Дверь носового кубрика сотрясалась от беспрерывных ударов. «Ловцы» вопили, что они замерзают, и требовали затопить печку и принести горячий ужин. Из всех голосов выделялся пронзительный фальцет шкипера.
— Образованный господин, — кивнул боцман на дверь: шкипер выкрикивал ругательства и на японском, и на английском, и на русском языках. Вперемежку с бранью он требовал, протестовал и взывал к гуманным чувствам «красных пограничников».
— Две недели в нервном санатории, и синдо[15] будет здоров, — выдавил, наконец, из себя Алексей.
— Плюс два года за решеткой без права передачи, — уточнил Доронин.
Однако шутки шутками, а нужно было что-то предпринимать. Приказав Кирьянову встать с автоматом на изготовку у двери в кубрик, Семен притащил из камбуза в корзине угля и, вежливо предупредив японцев, чтобы они не рыпались, передал им корзину и коробок спичек. Когда в железной печке затрещал огонь, боцман потребовал коробок обратно: «Со спичками баловать не положено».
Вскоре разгорелась печка в камбузе и был разогрет бульон из кубиков и чай.
Бульонные кубики, галеты и шоколад говорили пограничникам не меньше, чем новенькое заграничное белье экипажа, — обычно ловцы и матросы японских шхун питаются вонючей соленой треской и прогорклой морской капустой.
— Усиленный рацион шпионского образца! — буркнул Доронин.
Они с Алексеем тоже по очереди поужинали в камбузе.
В том же камбузе они и будут отогреваться по очереди. Через каждые два часа. Так решил боцман. Можно, конечно, было располагаться на отдых в кормовой кают-компании — два мягких кожаных кресла, все удобства, но, во-первых, следовало экономить уголь, а, во-вторых (и это главное), от камбуза ближе к кубрику с арестованными. Мало ли что может случиться…
Сняв с ходового мостика красный и зеленый бортовые фонари и белый гакабортный фонарь с кормы, Семен дополна заправил их маслом, зажег и поставил на палубе напротив тамбура в носовой кубрик, прикрыв с боков от брызг и ветра бухтами манильского троса и парусами.
Из шкиперской кладовой были извлечены запасные парусиновые плащи.
— Теперь нам сам «Егор, сними шапку» не страшен, — сказал боцман, первым заступая на ночную вахту.

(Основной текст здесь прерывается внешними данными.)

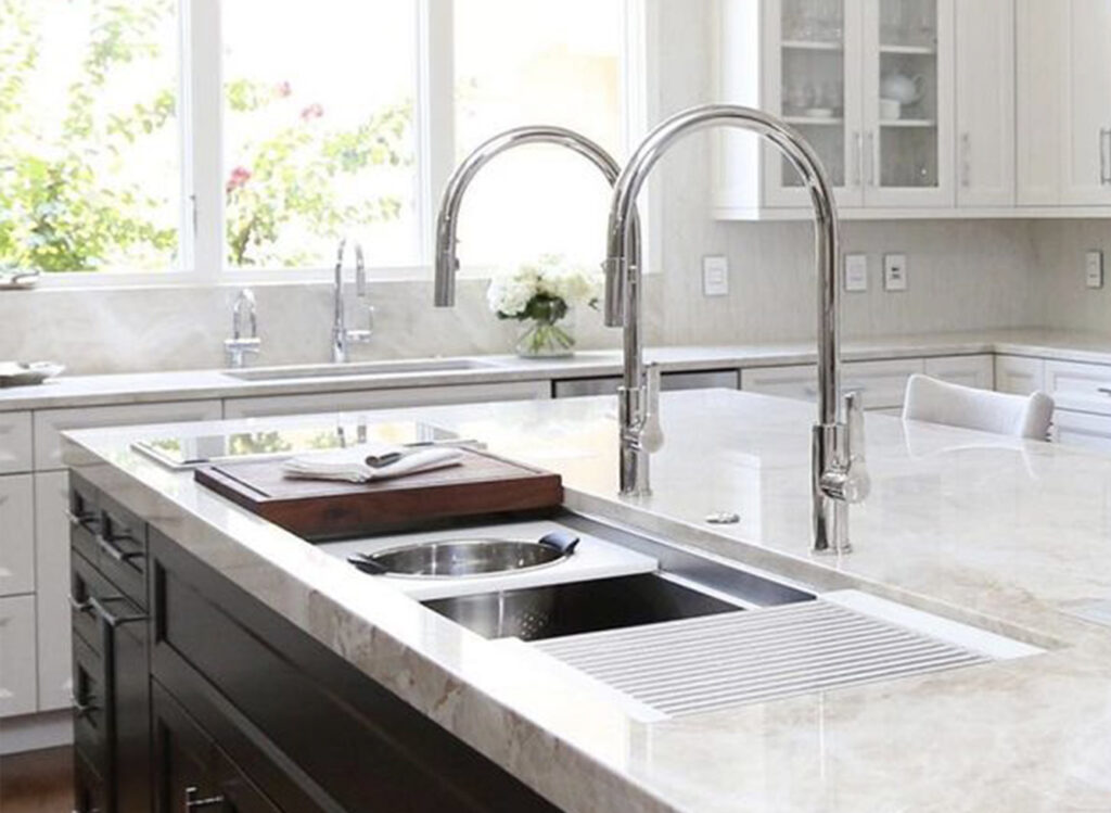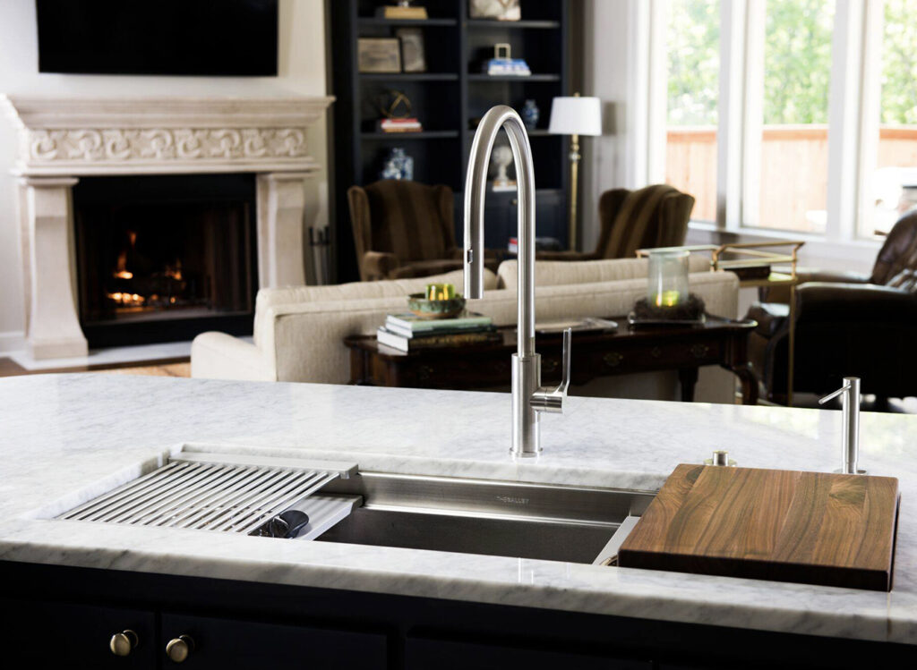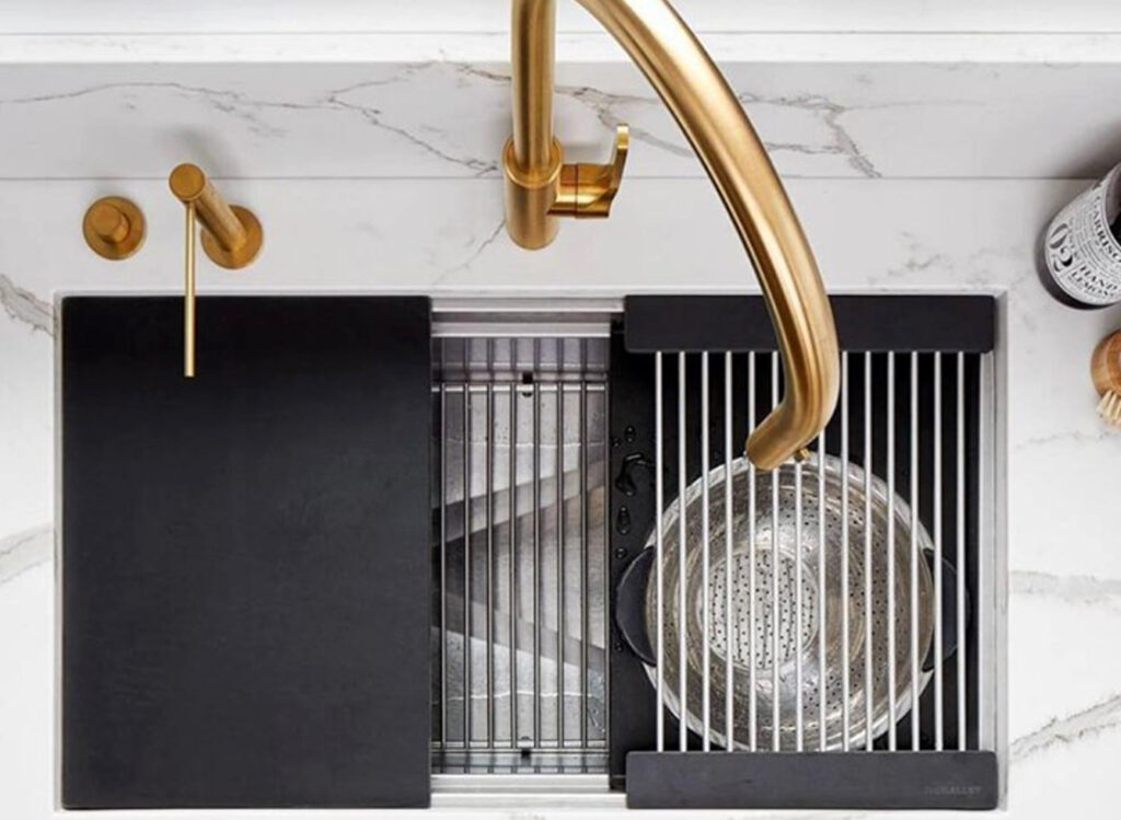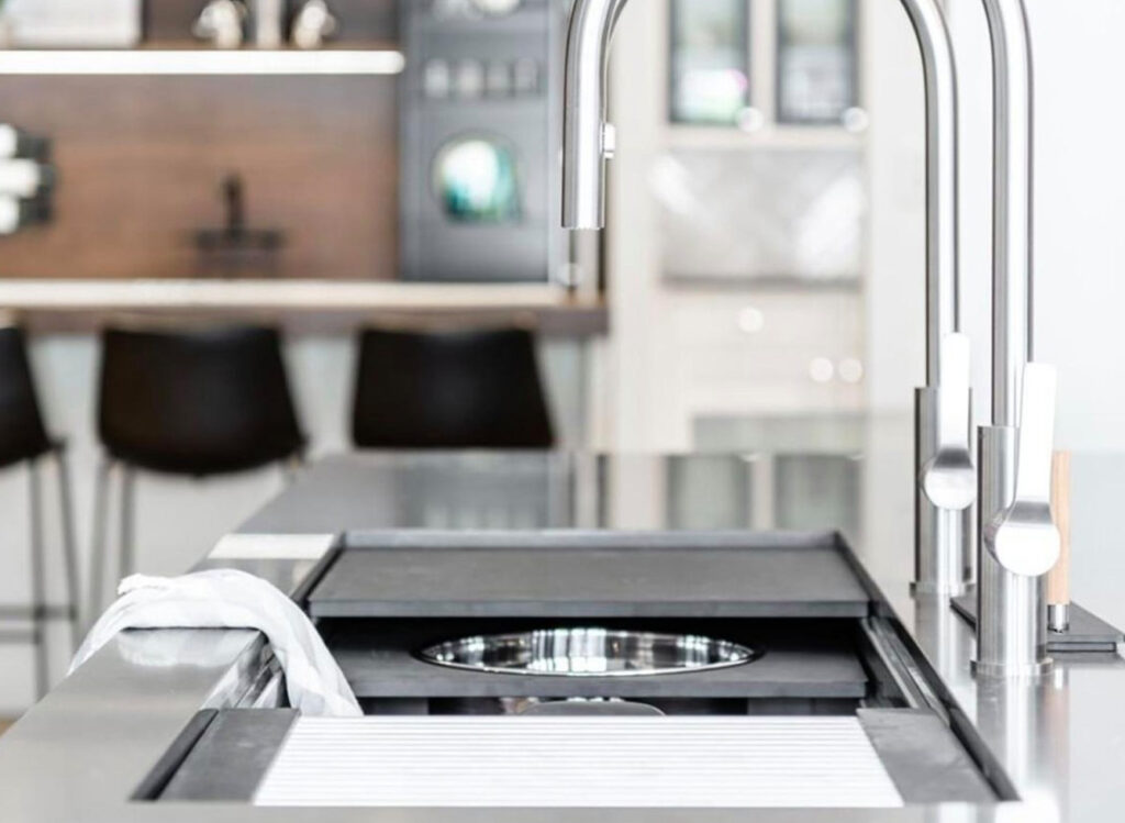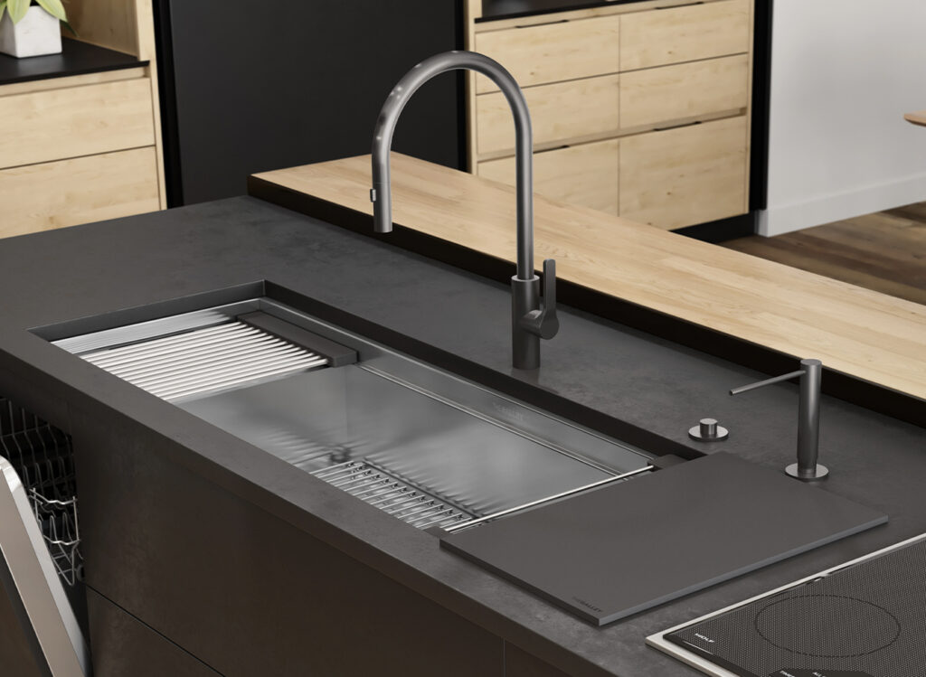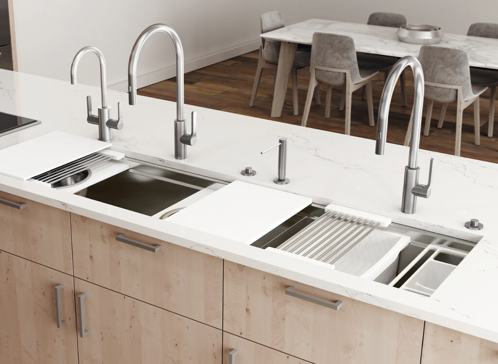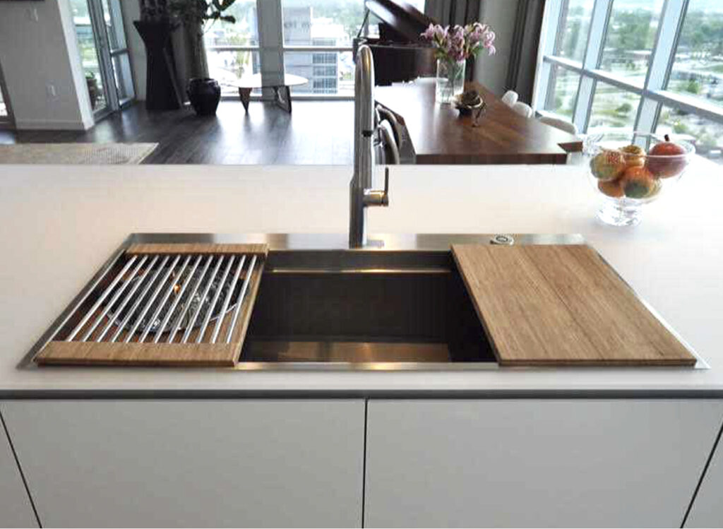 Expand the functionality of your Galley without sacrificing under-counter storage or appliances by adding an 18 or 12-inch built-in DryDock®️ to either or both sides of any Workstation. Highly engineered for function, it expands the useful space in the basin by allowing you to dock your Culinary Tools to the side when you need more space.
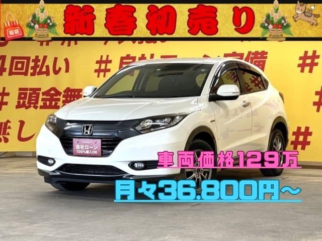 ✨上級グレードのヴェゼルが月々3万円台~ 前席シートヒーターやフロントガラス熱線スイッチ・ヒーターミラーなどオプション装備多数👍 ホンダギャザーズインターナビ🗾搭載🎶地デジフルセグTV📺&DVD📀!Bluetoothでスマホのミュージックが流せます😆 LEDヘッドライト&フォグランプで夜道を明るく照らします🔦 JC08モード燃費23.2km/リットル&アイドリングストップで更なる低燃費を実現🍃 いつでもスポーツ気分に!パドルシフト付き! バックカメラ付きで楽々・安心駐車👀 💡ご希望の方にはスタッドレスタイヤ新品4本プレゼント💡

— Какой Егор? — не понял Кирьянов.
— Так мой батя норд-ост кличет.
Ночь прошла спокойно, если не считать того, что волны все окатывали и окатывали шхуну ливнем брызг, и она обледенела, потеряв всю свою недавнюю красоту. Раз десять начинал сыпать сухой снег, и пограничники не успевали очищать от него фонари.
Зато с рассветом посыпались неприятности, как горох из худого мешка. Шторм не утихал ни на минуту. Бухточку начало забивать обломками льда. Они с грохотом громоздились один на другой, подпирали со всех сторон шхуну, и она заметно накренилась на левый борт. Крепкий корпус потрескивал. В кормовом трюме обнаружилась течь. Если бы двигатель работал, можно было бы пустить в ход мотопомпу, но «если бы», как известно, в помощники не годится.
Кое-как законопатив трещину паклей и откачав часть проникшей в трюм воды ручной помпой, Доронин поспешил на стук и вопли арестованных к носовому кубрику.
— Роске, роске! — кричал перепуганный шкипер, — Летаем воздух! Бомба! Ба-бах! Будет взрыва!..
Взрыв? Бомба?..
— Тихо! — прикрикнул боцман, — Говорите реже и не все сразу.
«О какой бомбе вопит синдо?» Во время обыска на «Хризантеме» не было найдено ни одной бомбы.
И тут Семена осенила страшная догадка. Это действительно вроде бомбы! В трюмном отсеке под фонарной и малярной кладовкой хранятся банки с карбидом. Обычно рыбаки заправляют карбидом плавучие фонари на ставных неводах «Ако-Мари». По ночам фонари обозначают линии невода, оберегая его таким образом от судов. Соединись карбид с водой, и точка — взрыв!..
Выбросить тяжелые банки с карбидом за борт нельзя, они разобьются о торосы — и опять-таки взрыв или пожар.
Вспотев от тяжести и страха, Семен перетащил все банки из трюма в штурманскую рубку. Теперь, даже если шхуна полузатонет и ляжет на грунт, вода не дойдет до карбида (измерив глубины по бортам шхуны, Доронин несколько успокоился — вода не покроет и палубы).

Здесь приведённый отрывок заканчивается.